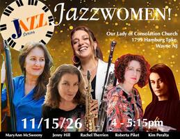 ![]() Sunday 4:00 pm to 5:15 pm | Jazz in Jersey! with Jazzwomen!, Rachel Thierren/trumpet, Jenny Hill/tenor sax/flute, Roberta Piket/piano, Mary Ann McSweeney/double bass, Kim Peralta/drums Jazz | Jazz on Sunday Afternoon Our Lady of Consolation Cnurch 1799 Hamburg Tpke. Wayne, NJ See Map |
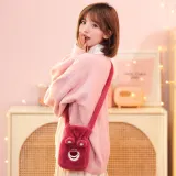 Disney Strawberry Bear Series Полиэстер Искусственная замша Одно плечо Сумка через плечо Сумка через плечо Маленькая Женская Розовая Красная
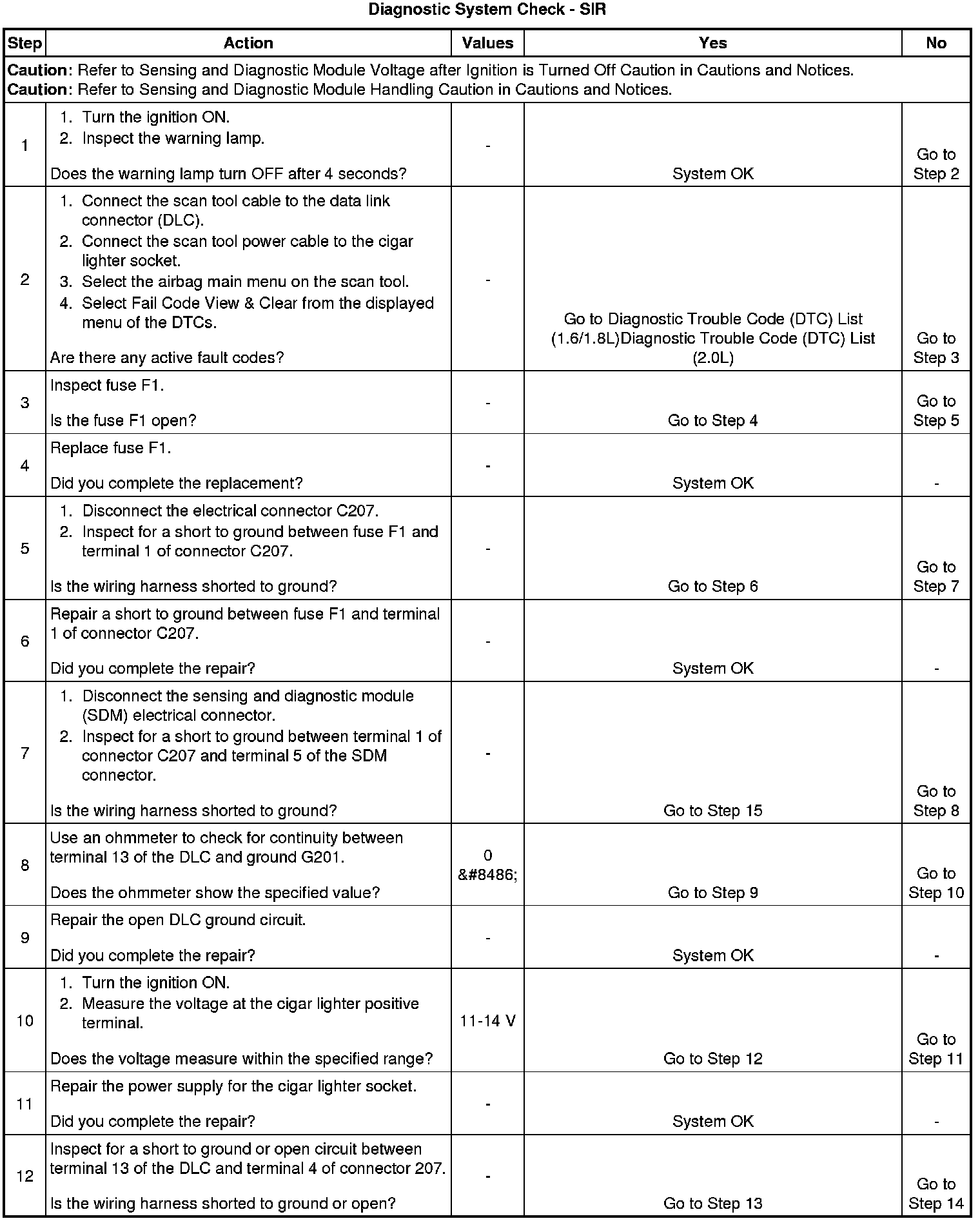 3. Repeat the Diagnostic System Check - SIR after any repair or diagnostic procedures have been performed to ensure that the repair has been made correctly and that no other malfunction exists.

_Work to be completed_
Write out, exactly and only, the lines from the one containing "Disney Strawberry Bear" through the last line of the material above. Pictures do not go in the copy.

_Answer area_
 Disney Strawberry Bear Series Полиэстер Искусственная замша Одно плечо Сумка через плечо Сумка через плечо Маленькая Женская Розовая Красная
 3. Repeat the Diagnostic System Check - SIR after any repair or diagnostic procedures have been performed to ensure that the repair has been made correctly and that no other malfunction exists.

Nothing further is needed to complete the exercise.